__Exercise brief__. Would you transcribe the entries below, beginning at the line with "Piumino Guess lungo" and ending after the line with "Конечно же, мы", exactly, with no picture and nothing more?

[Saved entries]
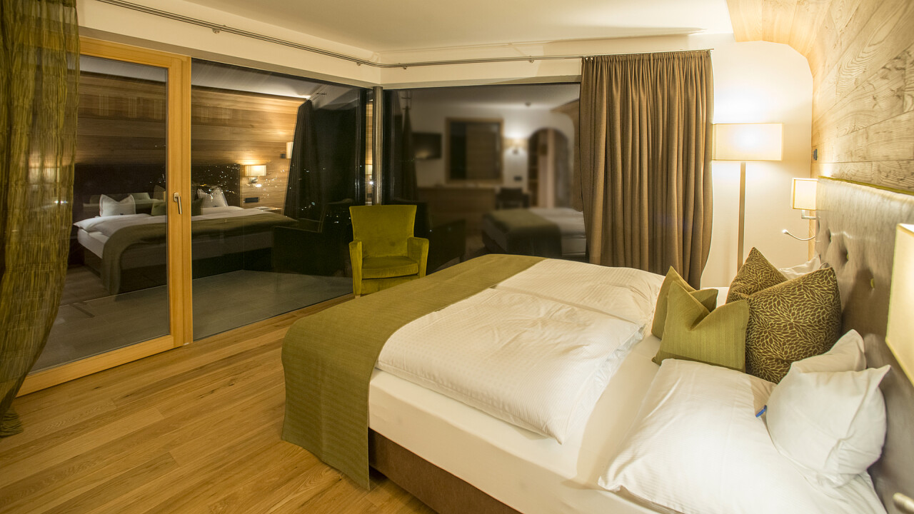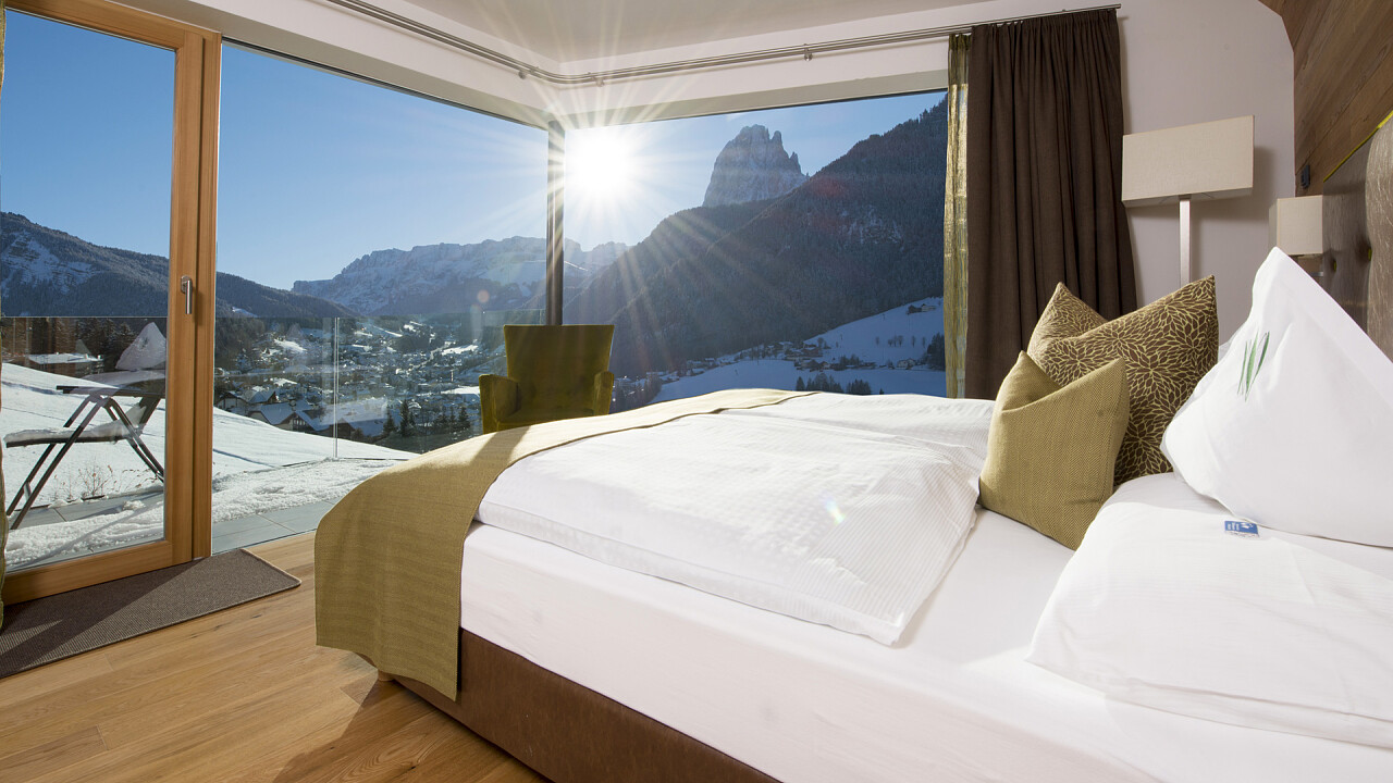 La nuova camera "101" con giardino privato ha una grande vetrata con una vista spettacolare su Ortisei e le Dolomiti. La...
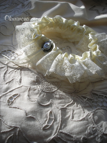 Используемые материалы: атласные ленты, кружево, перламутр, стразы, микробисер.
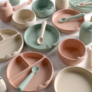 Zabavan, praktičan silikonski set za jelo od 4 dijela. Žlica je ergonomskog oblika, a silikonska čašica ne klizi i prilagođava se bebinim rukama i pomaže joj u učenju držanja i pijenja. Osim toga, i zdjela i tanjur imaju jaki vakuum za bolje prijanjanje na površinu i veću sigurnost. 4 komponente se mogu složiti jedna u drugu kako bi zauzimale što je moguće manje prostora kada su pohranjene.
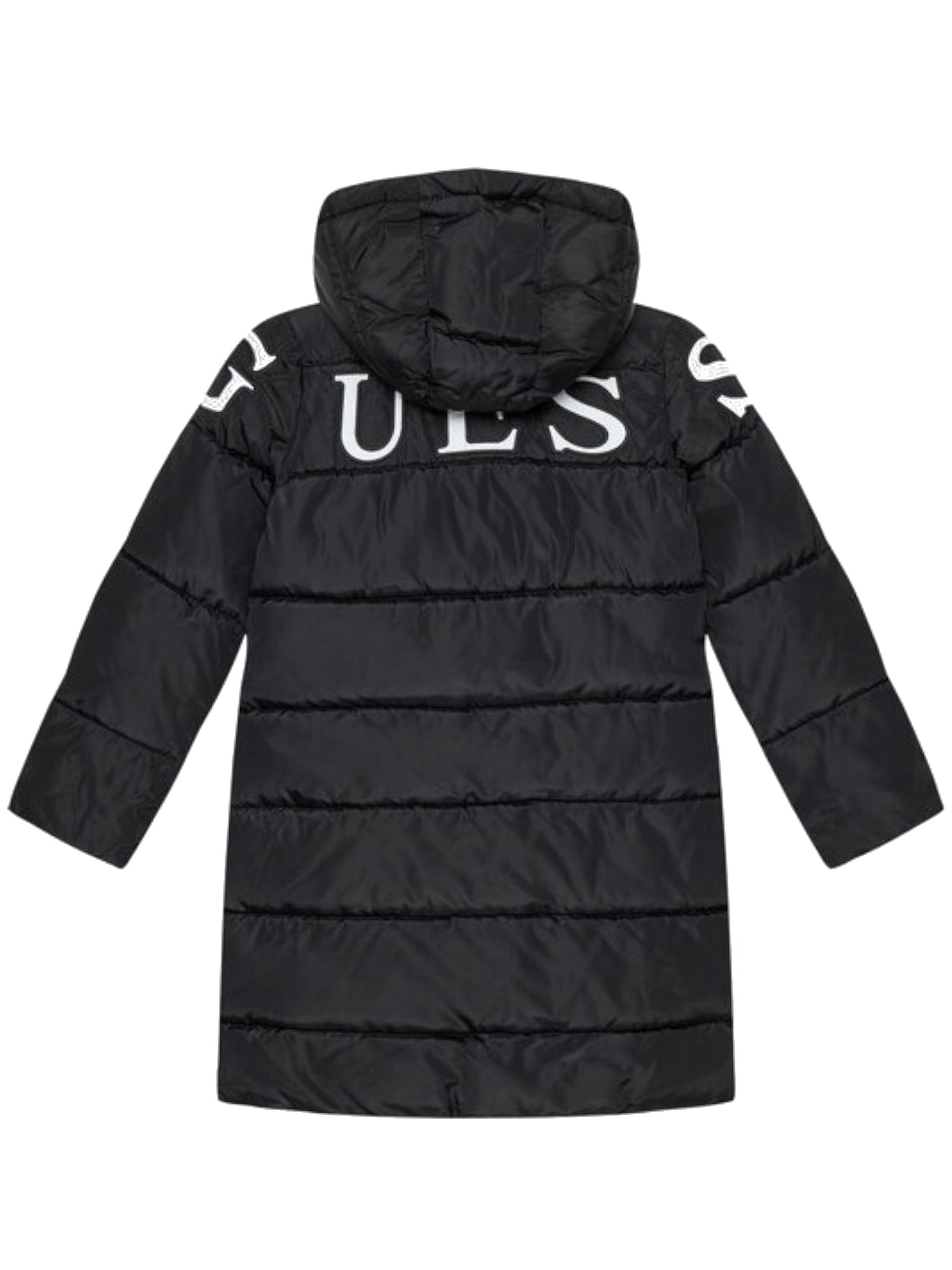 Piumino Guess lungo nero da bambina con cappuccio removibile Padded Long Puffer. Questo giubbino Guess realizzato da un tessuto trapuntato caldo, morbido ed avvolgente perfetto per i primi freddi invernali. Questo piumino da bambina nero Guess è caratterizzato dalla chiusura centrale full zip con doppio cursore, due tasche laterali con zip, cappuccio removibile, maxi scritta in bianco Guess sul retro, polsini e fondo regolari
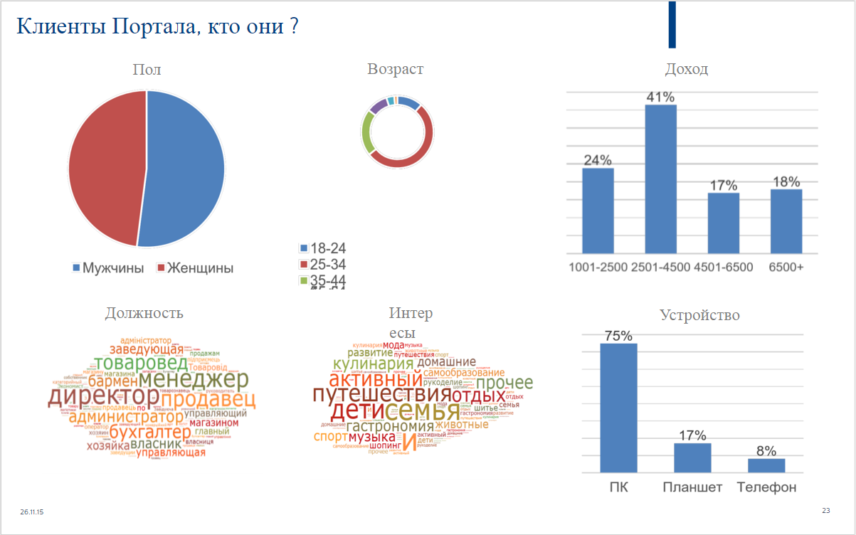 Конечно же, мы получаем аналитику по нашим клиентам, по полу, возрасту, должности, интересам. Это также используется в маркетинге и таргетируется.
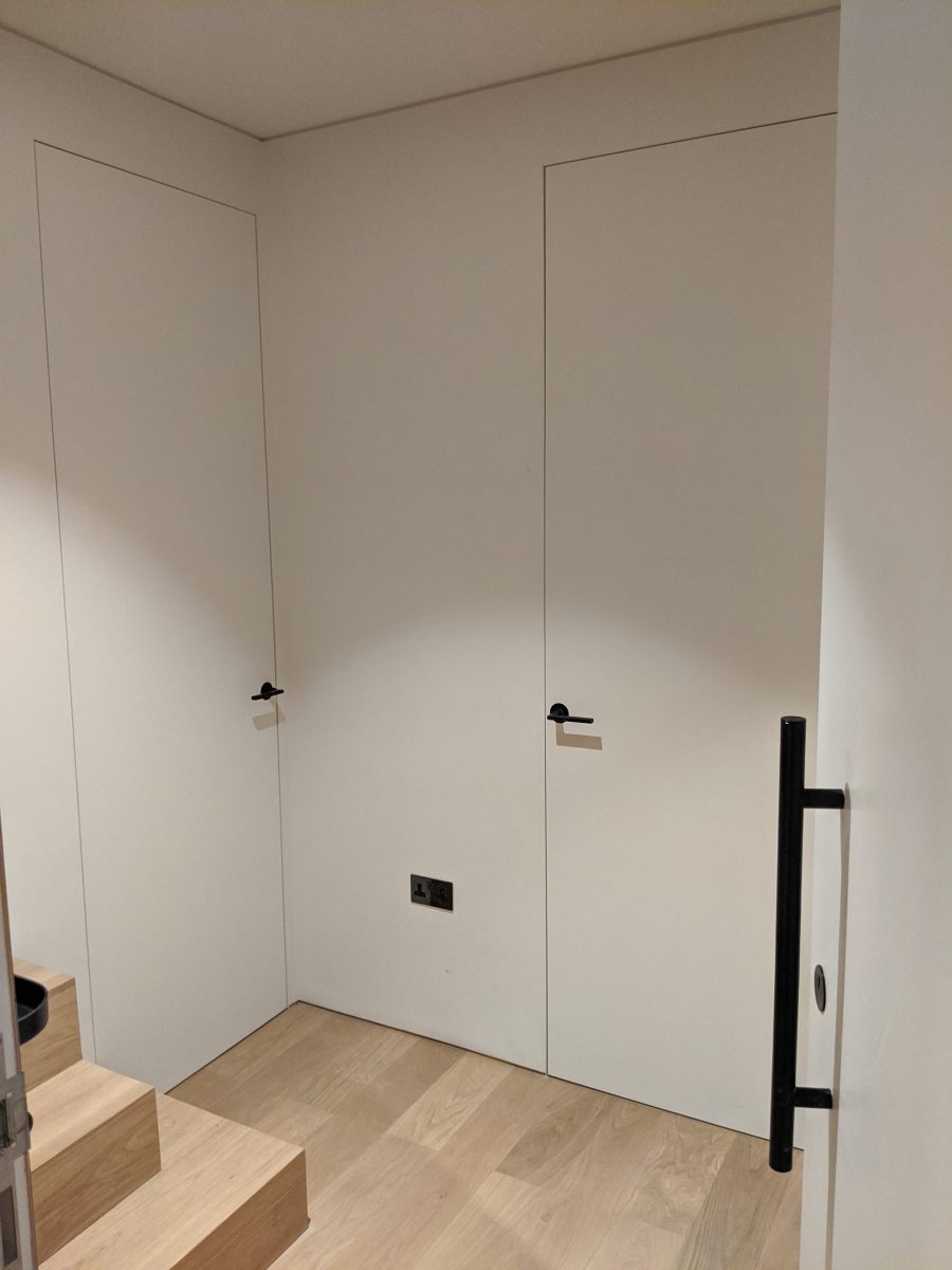 Inside, Invisio frameless doors were developed to appear completely flush with the surrounding walls, creating a beautifully minimal effect where the architecture reads as a single continuous surface. The result is a sequence of rooms defined by clean geometry and quiet material integrity, where even the smallest detail feels precisely considered.

__Written solution__.
 Piumino Guess lungo nero da bambina con cappuccio removibile Padded Long Puffer. Questo giubbino Guess realizzato da un tessuto trapuntato caldo, morbido ed avvolgente perfetto per i primi freddi invernali. Questo piumino da bambina nero Guess è caratterizzato dalla chiusura centrale full zip con doppio cursore, due tasche laterali con zip, cappuccio removibile, maxi scritta in bianco Guess sul retro, polsini e fondo regolari
 Конечно же, мы получаем аналитику по нашим клиентам, по полу, возрасту, должности, интересам. Это также используется в маркетинге и таргетируется.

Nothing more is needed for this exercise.